§ Task description: The answer must be the full data, restated word for word, with no pictures in it.

§ Dataset content:
__________________________________________________

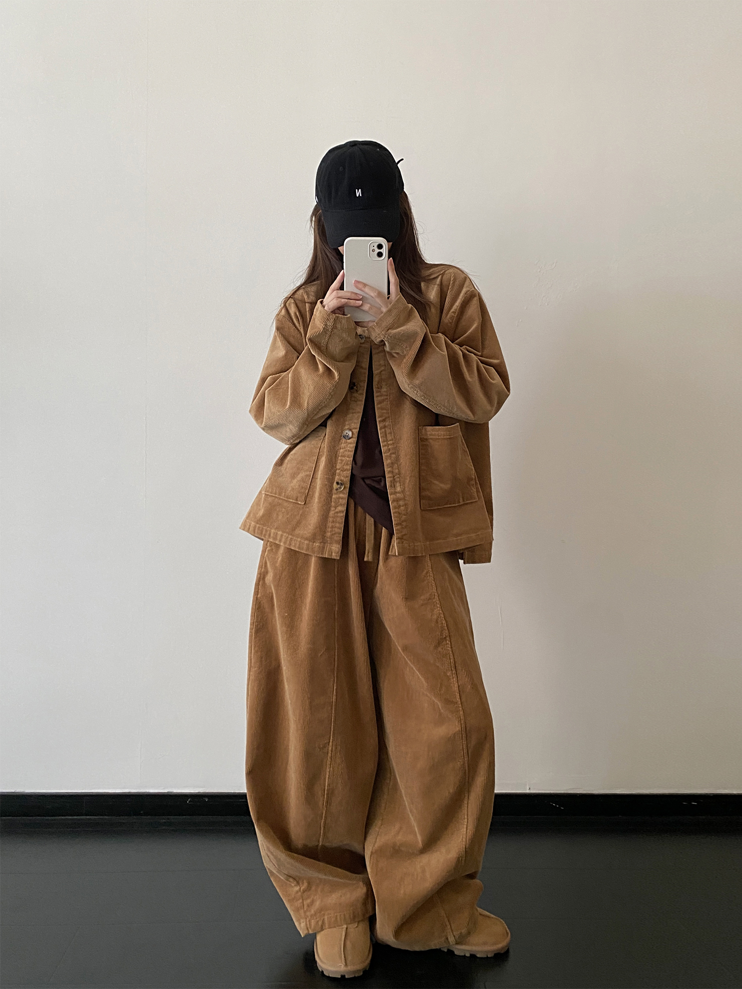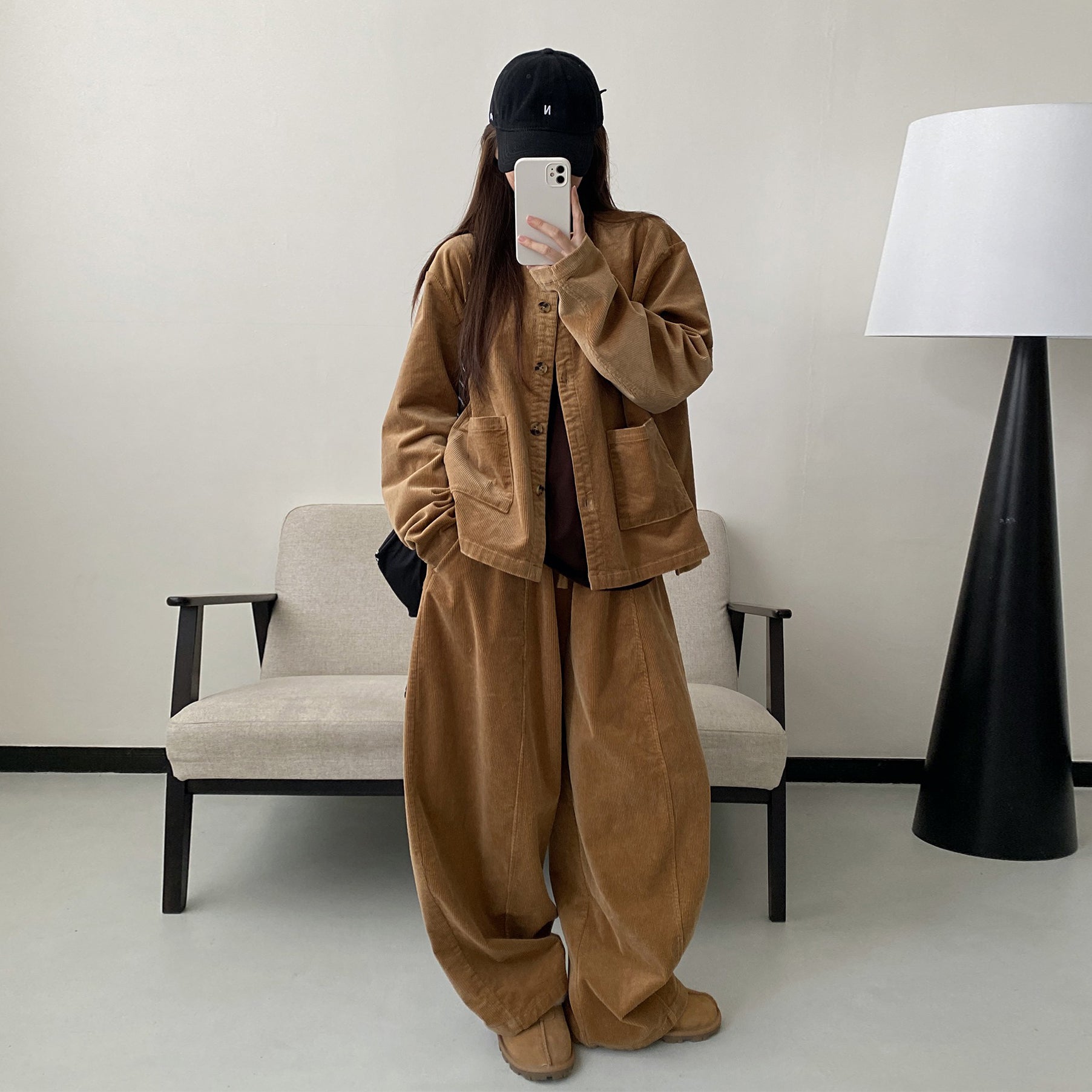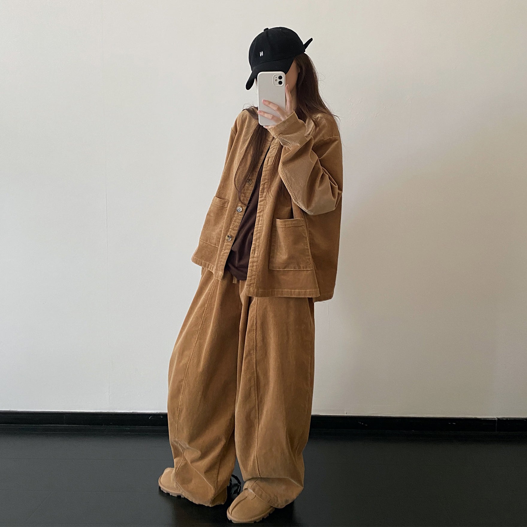 【商品名】【セットアップ】【単品注文】コーデュロイ ジャケット+ ゆったり カジュアル ワイドパンツ 上下セット 【FCシリーズ】
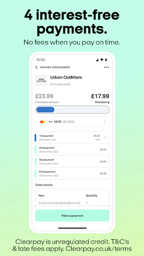 Ensure you can make repayments on time. Clearpay charges a £6 late fee for each late instalment and a further £6 if it’s still unpaid 7 days later. Late fees are capped at £6 for orders under £24 and the lower of £36 or 25% of the order value for orders over £24. Missed payments may affect your ability to use Clearpay in the future and they may pass unpaid debt to a debt collection agency.
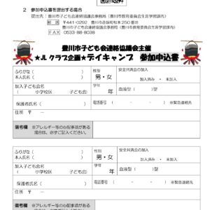 連絡先:〒441-0292 豊川市赤坂町松本250番地 豊川市子ども会連絡協議会事務局(豊川市教育委員会 生涯学習課内)

__________________________________________________

§ Response to the task:
 【商品名】【セットアップ】【単品注文】コーデュロイ ジャケット+ ゆったり カジュアル ワイドパンツ 上下セット 【FCシリーズ】
 Ensure you can make repayments on time. Clearpay charges a £6 late fee for each late instalment and a further £6 if it’s still unpaid 7 days later. Late fees are capped at £6 for orders under £24 and the lower of £36 or 25% of the order value for orders over £24. Missed payments may affect your ability to use Clearpay in the future and they may pass unpaid debt to a debt collection agency.
 連絡先:〒441-0292 豊川市赤坂町松本250番地 豊川市子ども会連絡協議会事務局(豊川市教育委員会 生涯学習課内)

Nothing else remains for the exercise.